§ **INFORMATION PROVIDED**:

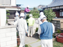 | 安全就業委員会の委員が、毎月1回剪定作業及び草刈作業をしている現場に行き、ヘルメット等の安全器具を正しく着用しているか、脚立や草刈機等を安全に使用しているか等を細かくチェックしています。
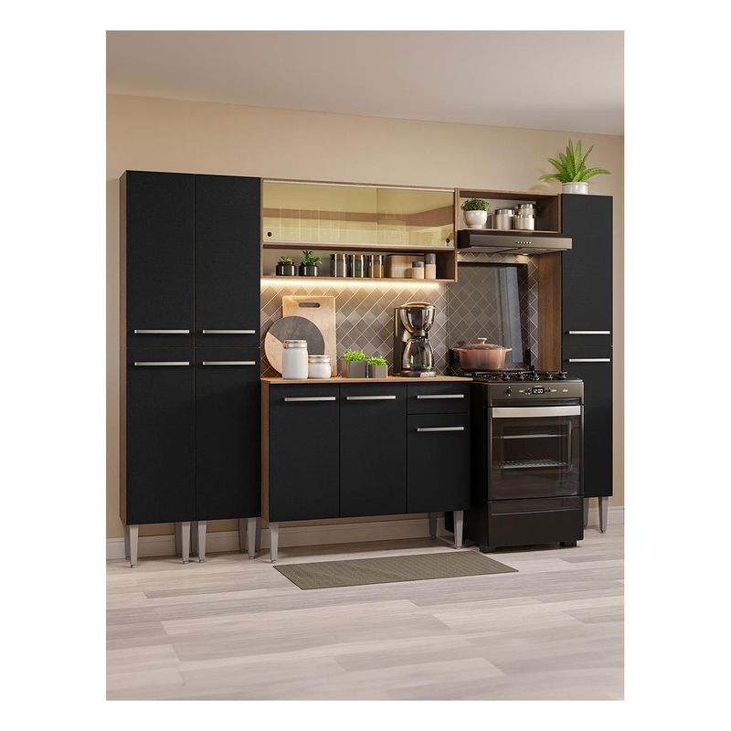 Y pensando en la durabilidad, los muebles están fabricados con materiales de alta calidad. Cuenta con correderas y bisagras metálicas, tiradores de aluminio y pies regulables de PVC, detalles que garantizan mayor resistencia.
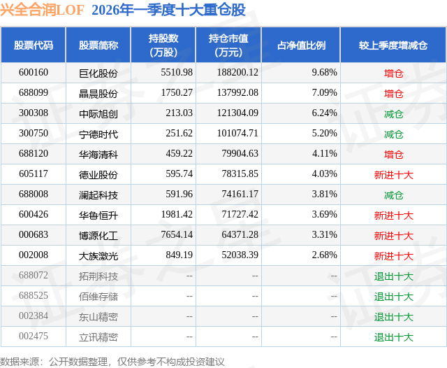 从基金规模来看,兴全合润LOF基金2026年一季度公布的基金规模为192.88亿元,较上一期规模228.7亿元变化了-35.82亿元,环比变化了-15.66%。该基金最新一期资产配置为:股票占净值比83.73%,债券占净值比5.84%,现金占净值比10.24%。从基金持仓来看,该基金当季前十大股票仓位达49.84%,第一大重仓股为巨化股份(600160),持仓占比为9.68%。
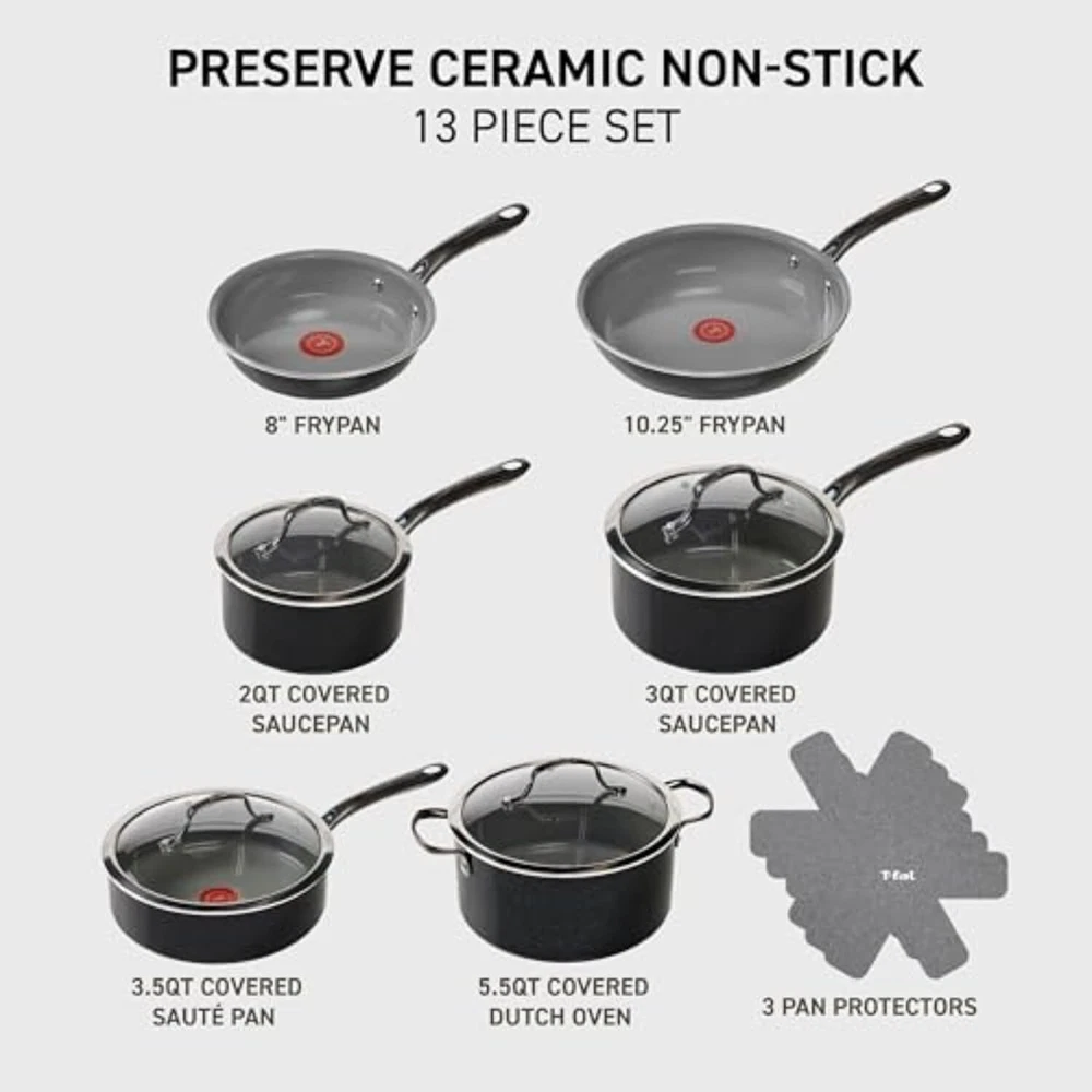 ๐๐ฅ๐ญ๐ข๐ฆ๐๐ญ๐ ๐๐จ๐ง๐ฏ๐๐ง๐ข๐๐ง๐๐: This cookware is oven-safe up to 350ยฐ and features an even heat base that prevents hot spots. Plus, it is compatible with all cooktops, excluding induction. Thermo-Spot technology indicates when the pans are perfectly preheated to start cooking. Hand-wash is recommended. ๐๐จ๐จ๐ค ๐ข๐ง ๐๐ญ๐ฒ๐ฅ๐: Elevate your kitchen's aesthetics with a sleek glossy finish on your pots and pans, made possible with GlossTech by T-fal. Plus, with metallic finish stainless steel handles, you'll enjoy a of sophistication and comfort every time you cook! ๐๐ฅ๐ฅ ๐๐จ๐ฎ ๐๐๐๐: This set comes with 8.5 inch and 11 inch frypans, 2.3 quart and 3 quart saucepans with lids, 3.5 quart sautรฉpan with lid, 5.7 quart dutch oven with lid and 3 pan protectors to prevent scratches on the cooking surface while storing. ๐๐ง๐จ๐๐๐ซ๐๐ฆ ๐๐ฅ๐ข๐๐ ๐๐๐๐ก๐ง๐จ๐ฅ๐จ๐ ๐ฒ: Experience ultra-smooth gliding paired with a 20x harder surface for exceptional durability compared to T-fal's basic nonstick coating. On Dec 12, 2024 at 18:30:44 PST, seller added the following information:

§ **TASK BRIEF**: Each line of the material is to be output exactly. Images are not part of the expected output.

§ **SOLUTION**:
 | 安全就業委員会の委員が、毎月1回剪定作業及び草刈作業をしている現場に行き、ヘルメット等の安全器具を正しく着用しているか、脚立や草刈機等を安全に使用しているか等を細かくチェックしています。
 Y pensando en la durabilidad, los muebles están fabricados con materiales de alta calidad. Cuenta con correderas y bisagras metálicas, tiradores de aluminio y pies regulables de PVC, detalles que garantizan mayor resistencia.
 从基金规模来看,兴全合润LOF基金2026年一季度公布的基金规模为192.88亿元,较上一期规模228.7亿元变化了-35.82亿元,环比变化了-15.66%。该基金最新一期资产配置为:股票占净值比83.73%,债券占净值比5.84%,现金占净值比10.24%。从基金持仓来看,该基金当季前十大股票仓位达49.84%,第一大重仓股为巨化股份(600160),持仓占比为9.68%。
 ๐๐ฅ๐ญ๐ข๐ฆ๐๐ญ๐ ๐๐จ๐ง๐ฏ๐๐ง๐ข๐๐ง๐๐: This cookware is oven-safe up to 350ยฐ and features an even heat base that prevents hot spots. Plus, it is compatible with all cooktops, excluding induction. Thermo-Spot technology indicates when the pans are perfectly preheated to start cooking. Hand-wash is recommended. ๐๐จ๐จ๐ค ๐ข๐ง ๐๐ญ๐ฒ๐ฅ๐: Elevate your kitchen's aesthetics with a sleek glossy finish on your pots and pans, made possible with GlossTech by T-fal. Plus, with metallic finish stainless steel handles, you'll enjoy a of sophistication and comfort every time you cook! ๐๐ฅ๐ฅ ๐๐จ๐ฎ ๐๐๐๐: This set comes with 8.5 inch and 11 inch frypans, 2.3 quart and 3 quart saucepans with lids, 3.5 quart sautรฉpan with lid, 5.7 quart dutch oven with lid and 3 pan protectors to prevent scratches on the cooking surface while storing. ๐๐ง๐จ๐๐๐ซ๐๐ฆ ๐๐ฅ๐ข๐๐ ๐๐๐๐ก๐ง๐จ๐ฅ๐จ๐ ๐ฒ: Experience ultra-smooth gliding paired with a 20x harder surface for exceptional durability compared to T-fal's basic nonstick coating. On Dec 12, 2024 at 18:30:44 PST, seller added the following information:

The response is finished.